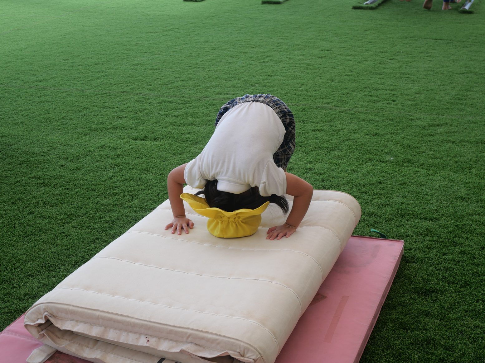 準備運動の後はマットで前転に挑戦です。
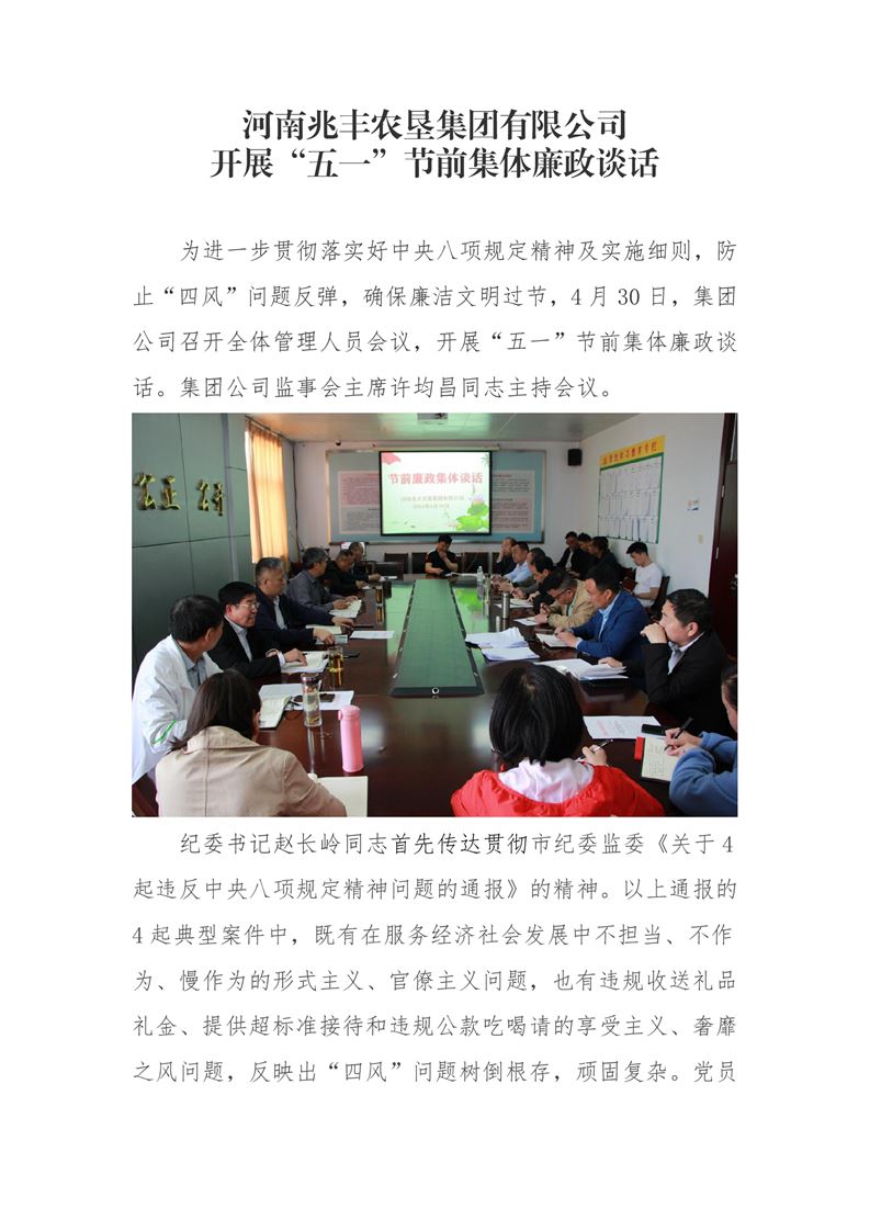 · 河南兆豐農(nóng)墾集團有限公司 開展“五一”節(jié)前集體廉政談話
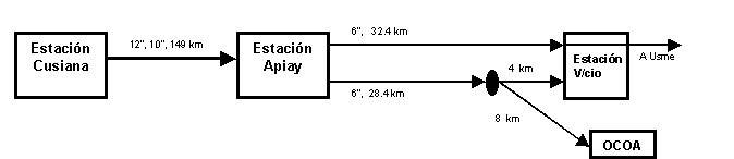 Aunque la planta esta instalada en un tramo de gasoducto entre los nodos de Apiay y Villavicencio, el cargo por uso se tomó como si la planta estuviese en Villavicencio ya que la longitud del tramo Apiay-Villavicencio es de 32.4 kms
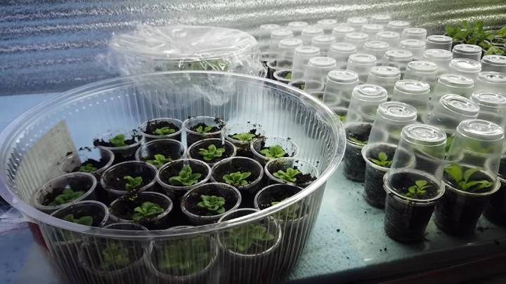 После посадки почву надо немного утрамбовать и обильно полить. Для создания тепличных условий на емкости надевают полиэтиленовые пакеты или накрывают пластиковыми бутылками. Чтобы проветрить растение, рекомендуется на 20 минут ежедневно снимать укрытие. В противном случае возрастает вероятность поражения грибковыми инфекциями. В таких условиях необходимо держать растение ориентировочно 2 недели.
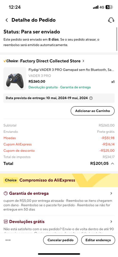 Comprei em 19/04/2024 e paguei R$238,00, já com a taxa do amor.
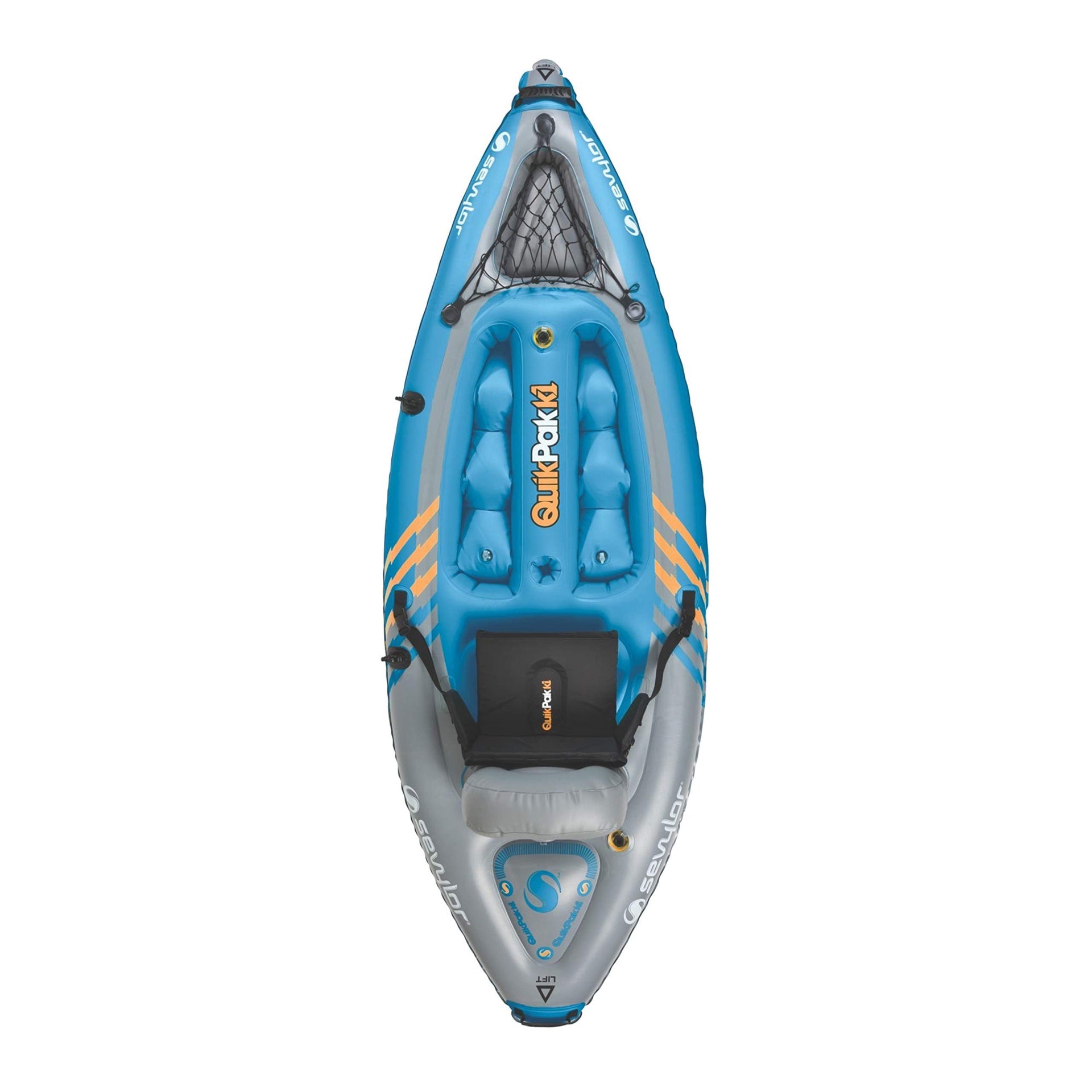 Get closer to the water and all the beauty swimming in it when you explore in a Sevylor K1 Sit-On-Top QuikPak Kayak. This inflatable watercraft works just like a traditional sit-on-top kayak, except when you're ready to pack up, it folds up into its integrated backpack with padded shoulder straps and fits inside any car or truck-and it all sets up within five minutes. While you're in the water, you'll paddle in more comfort with a design that allows you to stretch your legs, back and arms more easily. Pack food and gear in the cargo net on the front, and keep your drink close in the cup holder. You'll easily carry the kayak over shallow water and in and out of the water with the lift handle. The rigid floor, flat bottom and three-chamber design keep the boat's solid shape on the water and offer added security if you get snagged. The thick PVC and reinforced bottom are part of the Airtight System that. and the Double Lock Fast Valves and Mini Double Lock Fast Valves makes quick work of inflation and deflation. The 8 ft. 7 in. x 3 ft. (2.62 m x.91 m) kayak holds up to 400 lbs. (181.43 kg)and includes a paddle that breaks down for compact storage and a high-pressure hand pump.
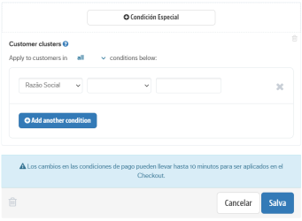 En este caso, el sistema segmenta a los consumidores que corresponden a la ubicación de "São Paulo" y aplica la regla de plazo y pago en cuotas a esas personas.
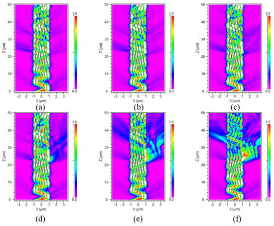 In order to verify the feasibility of the embedded OW model, this work simulated the change in the light energy at the end of the OW through varying refractive indexes of the materials, which ranged from 1.33 to 1.83. Figure 7a–f illustrates the energy distribution in the core of the embedded OW when the detected materials had refractive indexes, respectively, of 1.33, 1.43, 1.53, 1.63, 1.73, and 1.83. In the X-Z plane, on the side where the detecting material was located (i.e., on the right side of the core layer), energy loss increased with the increasing refractive index when the refractive index of the detected material was greater than that of the cladding. However, it is worth noting that there was a clear correlation between energy dissipation and refractive index variation on the left side of the waveguide core layer when the refractive index of the detected material ranged from 1.63 to 1.83. This may be because the refractive index variation in the detection region caused a slight change in the angle of light propagation in the core layer, leading to the escape of energy from the left side of the core layer, and thus having higher sensitivity. Typically, loss increases with an increasing refractive index.
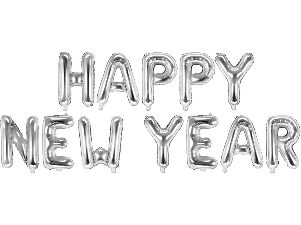 Metaliczny balon foliowy Happy New Year w kolorze srebrnym, rozmiar przed napompowaniem ok. 422 x 46 cm (166 x 18''), rozmiar po napompowaniu ok. 370 x 35 cm (145,5 x 14''). Napompuj powietrzem. Zestaw zawiera słomkę i wstążkę.
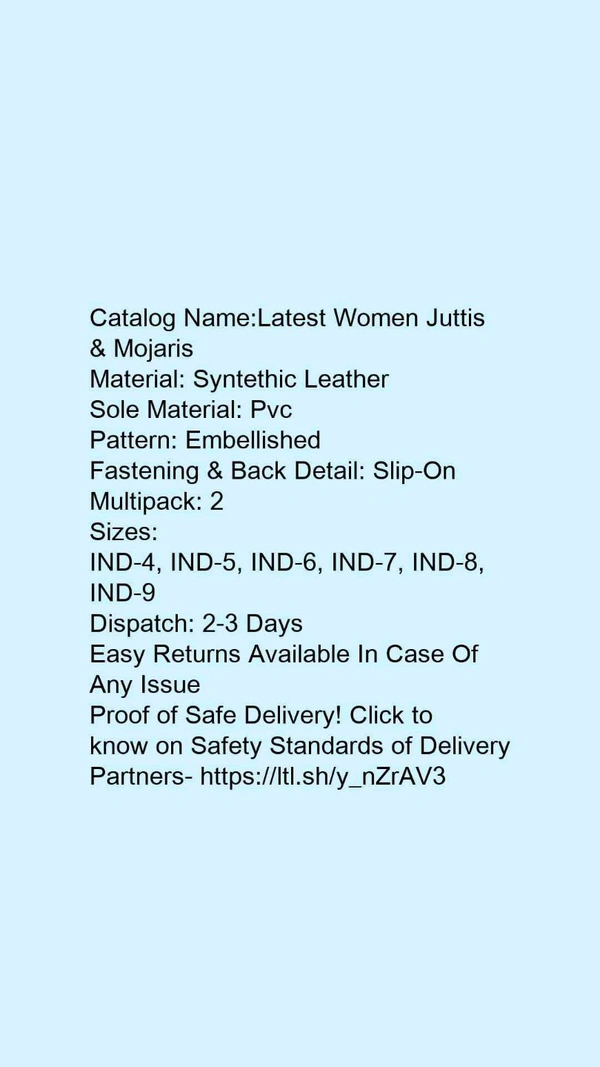 Catalog Name:*Latest Women Juttis & Mojaris*Material: Syntethic LeatherSole Material: PvcPattern: EmbellishedFastening & Back Detail: Slip-OnMultipack: 2
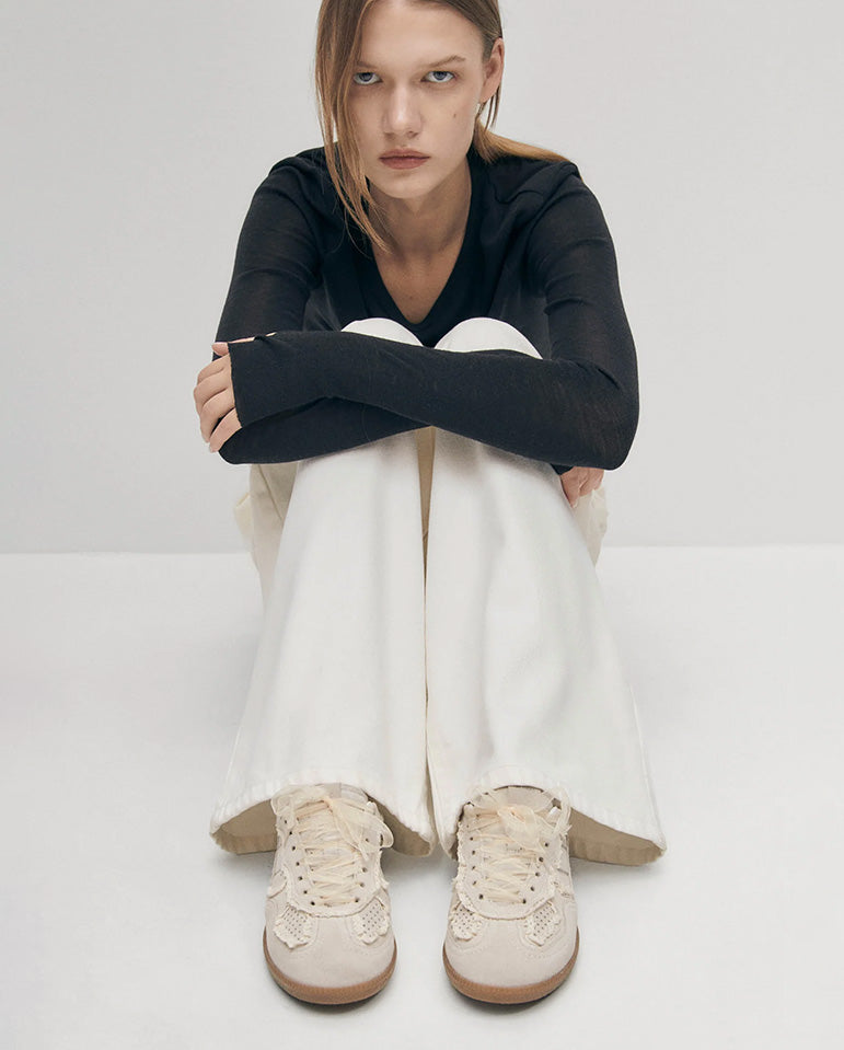 The delicate crochet features on Alohas Tb.490 trainers bring a romantic twist to this classic urban style... Cream sneakers with crochet trims, crafted from cream suede and designed in a low-top silhouette sitting on rubber soles. The style is completed...
^^^^^^^^^^^^^^^^
The answer is the lines above, word for word, from the first one through the one containing "Aunque la planta"; it includes no pictures.

Response:
 準備運動の後はマットで前転に挑戦です。
 · 河南兆豐農(nóng)墾集團有限公司 開展“五一”節(jié)前集體廉政談話
 Aunque la planta esta instalada en un tramo de gasoducto entre los nodos de Apiay y Villavicencio, el cargo por uso se tomó como si la planta estuviese en Villavicencio ya que la longitud del tramo Apiay-Villavicencio es de 32.4 kms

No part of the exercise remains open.